The Impossible Possibility for an Impossible Time, III: In Every Glass of Common Water, Hints of Garnet-Gold

Passage: John 2:1–11

The wedding was only the beginning.

Ever since it has been miracle:
Touching the shoreline of the other in our sleep,
Waking warm beneath our roof,
Hoeing the wheat shoots in our fields.

Our union was not singular; we fought
And sulked, sickened like the other folk.
But in every glass of common water,
We tasted hints of garnet-gold.

Kathy Coffey,  The Cana Couple Reminisce

According to the Gospel of John, the wedding at Cana is Jesus’ debut on history’s stage. This is what gets him noticed at the beginning.

They run out of wine at a wedding in Cana where Jesus and Mother Mary are guests. I don’t know why Mary thinks the empty bar is her problem to solve, but in any case, she presses her inimitable son into service.

There were six stone water jars at the Cana Hilton; each stone jar could hold 25 gallons. So Jesus turns 150 gallons of common well water into a plush, garnet King David cabernet sauvignon with a pungent nose and a long finish that would get a 98 from Wine Spectator. That’s four more bottles for every single guest!  Have you ever been to a wedding that was that well-lubricated?

It seems to Katie and Christine and me that the Christ-like virtues have never been quite as intensely necessary as right now during this impossible time of pandemic and racial discord and political divisiveness. There is a “persistent hum of incivility.”

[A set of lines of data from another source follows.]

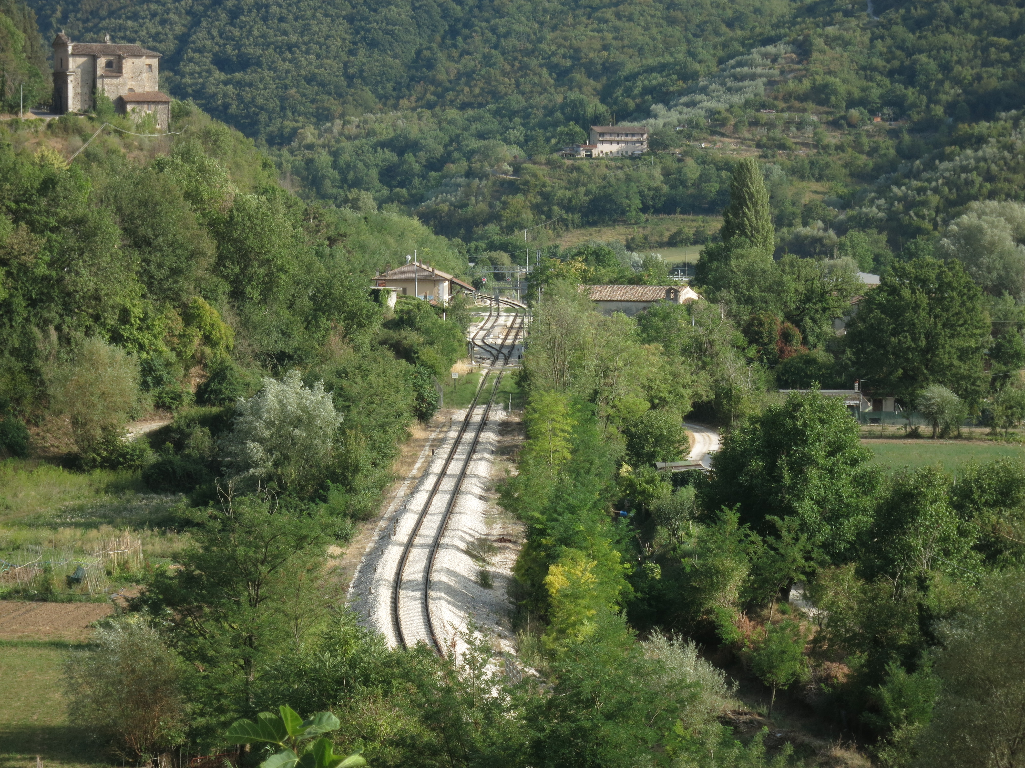 Cittaducale train station (province of Rieti, Lazio, Italy), on the Terni-Rieti-L'Aquila-Sulmona line.
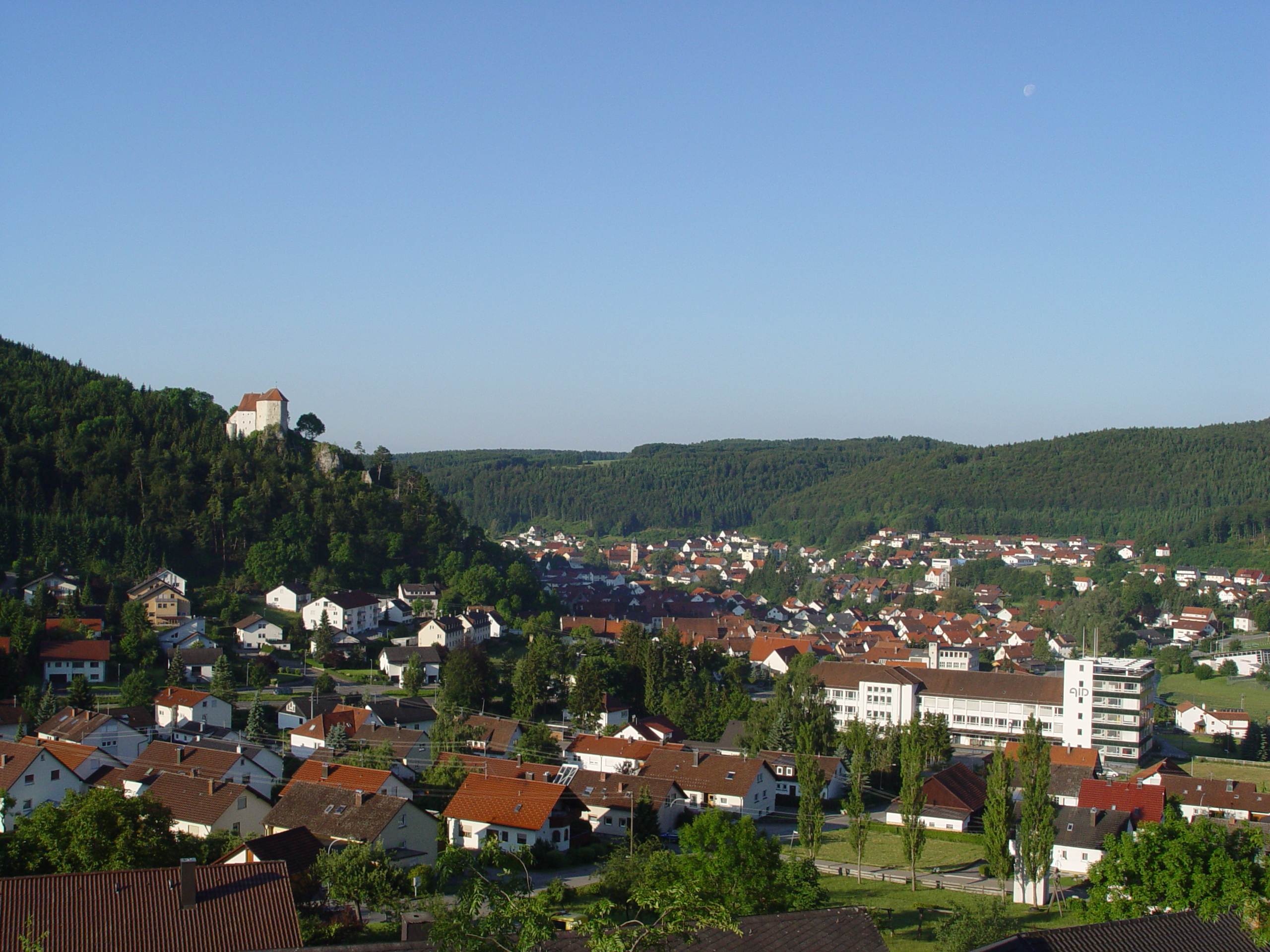 Straßberg with Burg Straßberg
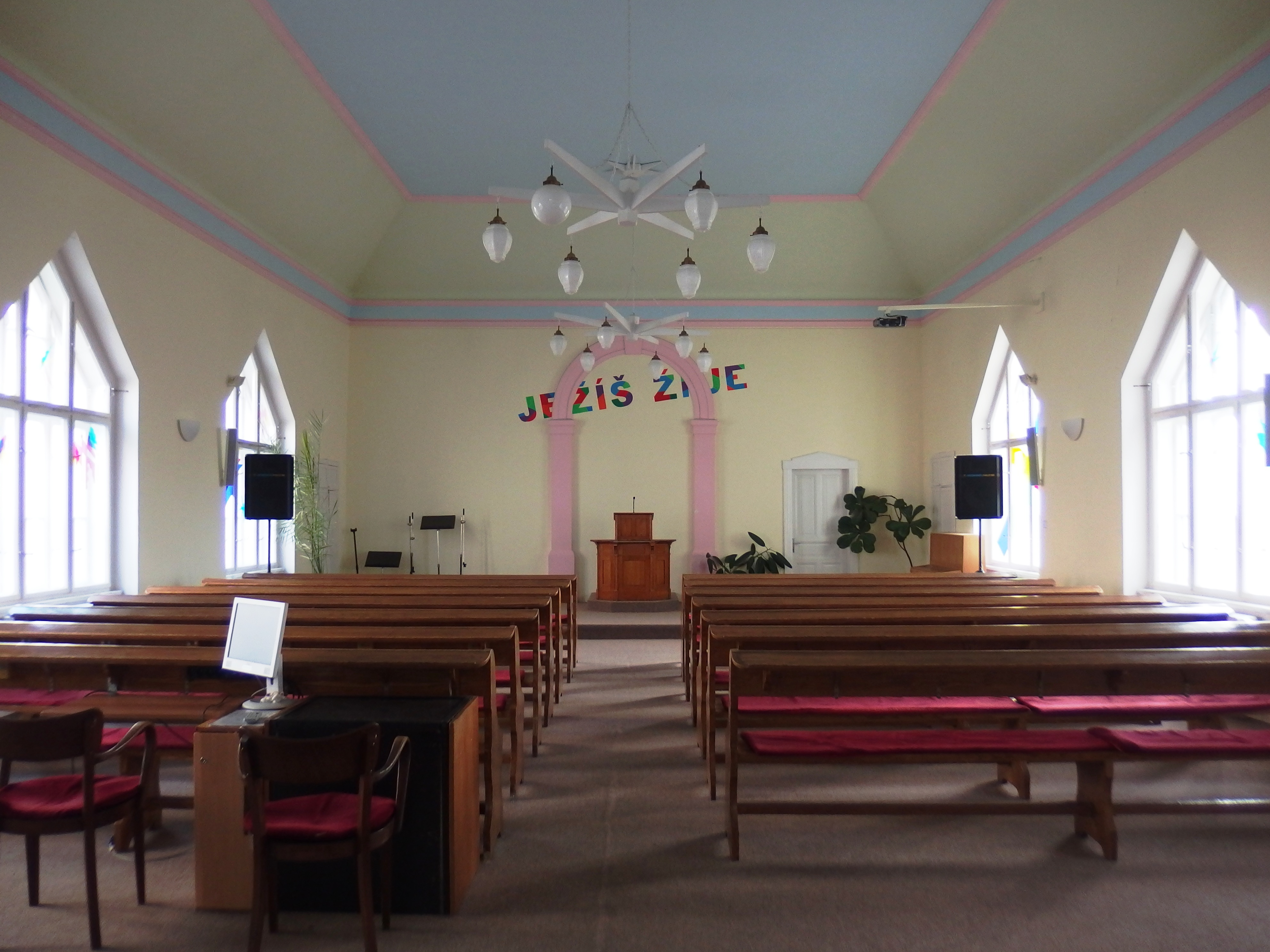 Prague-Strašnice, the Czech Republic. Vilová, a chapel of Methodist Church.

The other day a flight from Miami to London was 500 miles out over the Atlantic when it had to turn around and go back to Miami because one woman refused to wear a mask. She probably made a hundred people a day late.

One woman noticed that at the grocery store or the drug store or on an airplane, when people are mean, they’re a heck of a lot meaner. “Instead of saying ‘This really inconvenienced me,’ they say, ‘What the hell is wrong with you?’ It’s a different scale of mean.[1]  Yes? A different scale of mean.

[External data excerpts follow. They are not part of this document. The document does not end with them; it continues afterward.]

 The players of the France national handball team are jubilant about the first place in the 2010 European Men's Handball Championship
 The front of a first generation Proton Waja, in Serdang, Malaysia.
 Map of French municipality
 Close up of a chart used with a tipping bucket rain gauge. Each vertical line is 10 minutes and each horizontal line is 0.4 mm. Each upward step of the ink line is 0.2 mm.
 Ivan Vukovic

So what do we learn about virtue from Jesus in this story of the Wedding at Cana? How is this God’s word for us today? Well I know some of you are thinking it, so I’ll just say it for you. It means “More wine!”

Yeah that might not be what God’s trying to teach us in this story. Alcohol purchases jumped 54% during the first week of the pandemic, and over the last two years, alcohol consumption is up 14%. Massachusetts General warns us that over time, this will lead to 8,000 additional deaths and 18,000 additional liver failures.[2]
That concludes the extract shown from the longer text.